Sometimes ballpoint pens get "blobs" of ink on the ballpoint tips. If you don't notice a blob on your ballpoint pen tip, it can leave a blotch or a smear on your writing, which is annoying. I can wipe them off with a tissue or rub them off on scratch paper. 

Some pens get them, some do not. You cannot look at a new refill and predict what will happen in the future. The refills may be cheap or they may be expensive, high quality refills. The ink may be standard or gel or whatever. All I know is that it is unpredictable. Once a blob appears on the pen tip, they tend to reappear on that same tip even if you clean it off. 

They seem to happen "by magic." I store the most frequently used pens in the retracted position (click or twist). They are kept vertically in a "cup" type holder on my desk and in the shop. Some less frequently used pens are stored horizontally in the desk drawer. 

-> What causes those ink blobs? What can be done to fix it? If it happens on a pen, is there a way to prevent it from reappearing, other than replacing the refill and hoping that it does not happen again?


----------



## SteveG (Mar 26, 2021)

Quality of refill is important. I have not experienced this issue with Schmidt Easyflow 9000 M (Rollerball). I seemed to regularly be a problem with the style of refills used for slimline pens. My solution:I stopped making/selling pens with that style of refill.


----------



## bmachin (Mar 26, 2021)

Just  spitballing here, but could it be that it only happens with specific types of paper?

Bill


----------



## penicillin (Mar 26, 2021)

bmachin said:


> Just spitballing here, but could it be that it only happens with specific types of paper?


Hi Bill - Thanks for the reply.

No, the blobs are on the tip of the pen refill before they touch the paper. I pull the pen out of the cup, click or twist the mechanism to extend the tip, and there it is, waiting to smear on the paper. 

This is common problem. People have encountered it in normal life as long as I can remember ballpoint type pens. 

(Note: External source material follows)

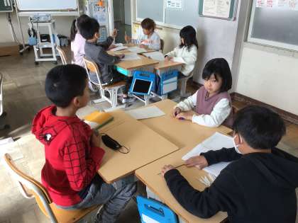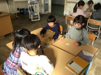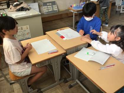 2年生算数では、「箱の形」について学習しています。今日は、3種類の長さの棒とボールで箱の形を作りました。何本いるのか、ボールは何個いるのかをグループで考えて作りました。

The reason I started the thread is that I don't know why they happen, what causes them, and what can be done about it - if anything. I thought that perhaps some of the pen experts here might know something more.


----------



## monophoto (Mar 26, 2021)

I think its a matter of quality.  I've never seen the problem with real Cross refills, but it is a rather common experience with Bic refills.


----------